Monday, May 11, 2009

RBO Mothers Day

*I had a really lovely Mothers Day, and it kicked off with Bean sleeping in until almost 7:00. Awesome. 

*As I lay in bed, Husband got up and retrieved Bean from her crib and then while Bean and I cuddled and read books, Husband made us challah french toast.  Double awesome.

*Bean sang "Happy Birthday dear mama" during breakfast.  Close enough.

*We all dressed and, after a brief stop off at my lab (colonies!), we went to meet some friends at the park for playtime and a picnic.  I spent a blissful morning running barefoot in the grass with Bean, helping her dig in the sand, and blowing bubbles for her and her little buddy.

*An exhausted Bean took a really good nap, which meant that I could take a really nice nap.

*We ended the day on a high note, with Bean as a willing dinner table participant and probably 45 minutes of cuddly reading before bedtime.

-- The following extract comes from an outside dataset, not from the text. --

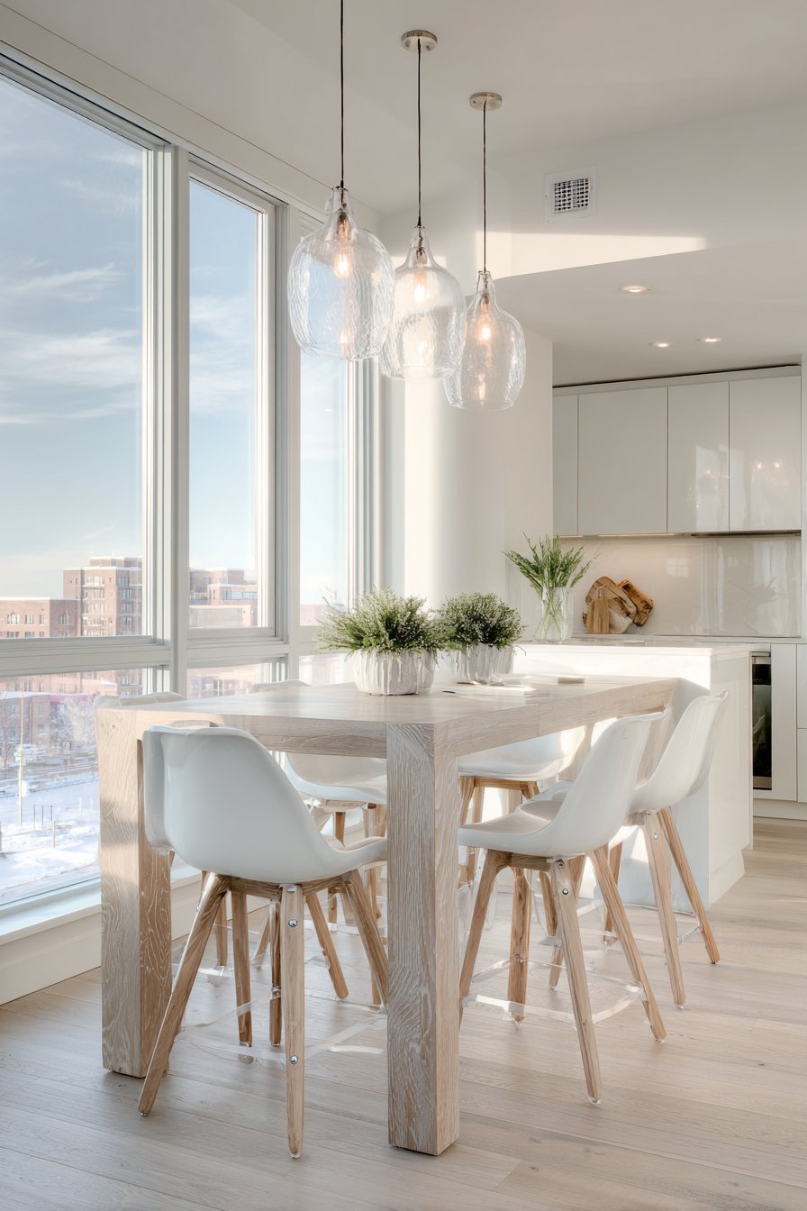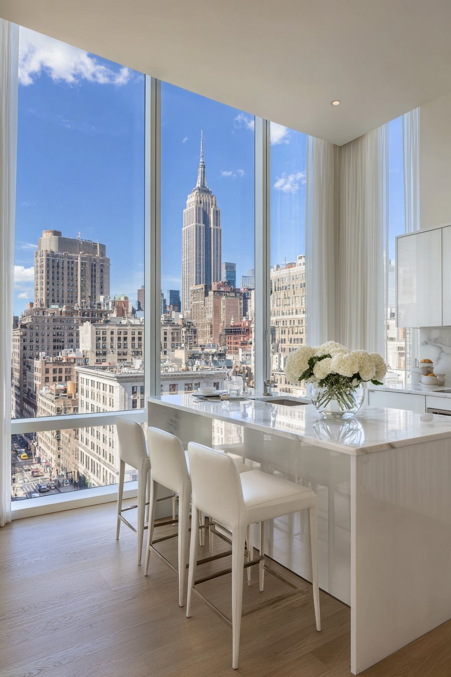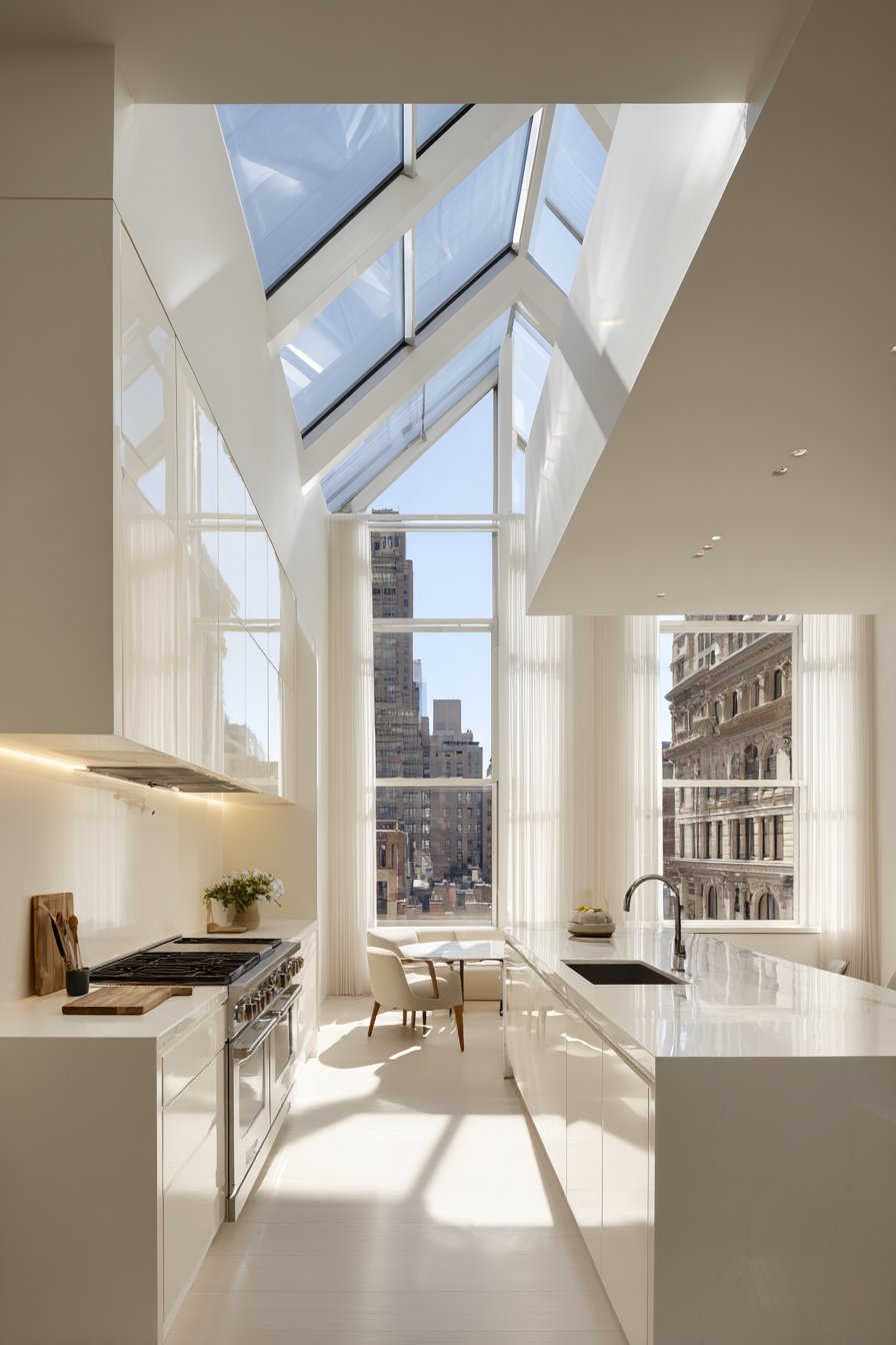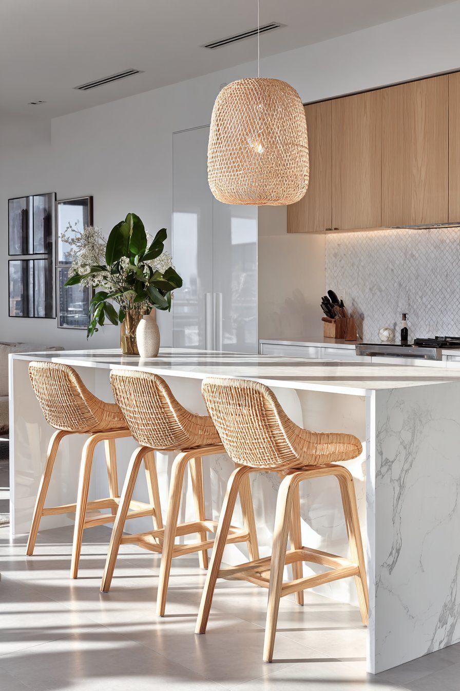 Sheer curtains or light-filtering roller shades provide the perfect balance between privacy and illumination. These treatments soften harsh sunlight without significantly reducing brightness, creating a gentle, diffused glow that enhances the airy atmosphere. If privacy isn’t a concern, leaving windows completely bare creates the most dramatic sense of openness and connects your kitchen to outdoor views.

All in all, pretty much exactly how I wanted to spend the day.

Wednesday, April 29, 2009

Home again, home again

Oh my poor neglected blog.  I have ignored you, and for that I am sorry.  But I had a good excuse!  A wonderful, though sometimes heartwrenching, excuse.

I took a vacation.

A real bonafide vacation.  And oh internets, it was lovely.  It was only the second big trip I have ever taken.  All other trips have been trips to see family, weekend camping excursions, or weekends in Vegas (twice).  Three years ago Husband and I took an amazing (belated) honeymoon trip to Spain.  On returning, we immediately began socking away money for another big trip.  Italy?  Belize?  New Zealand?  We didn't care, but we were saving.

We had socked up quite a little nest egg, or at least a pretty good one for two postdocs with a kid and a mortgage.  But ultimately neither one of us could afford to take much time away from the bench, and neither one of us felt comfortable spending a lot of money on a vacation at a time when the economy is so terrible.  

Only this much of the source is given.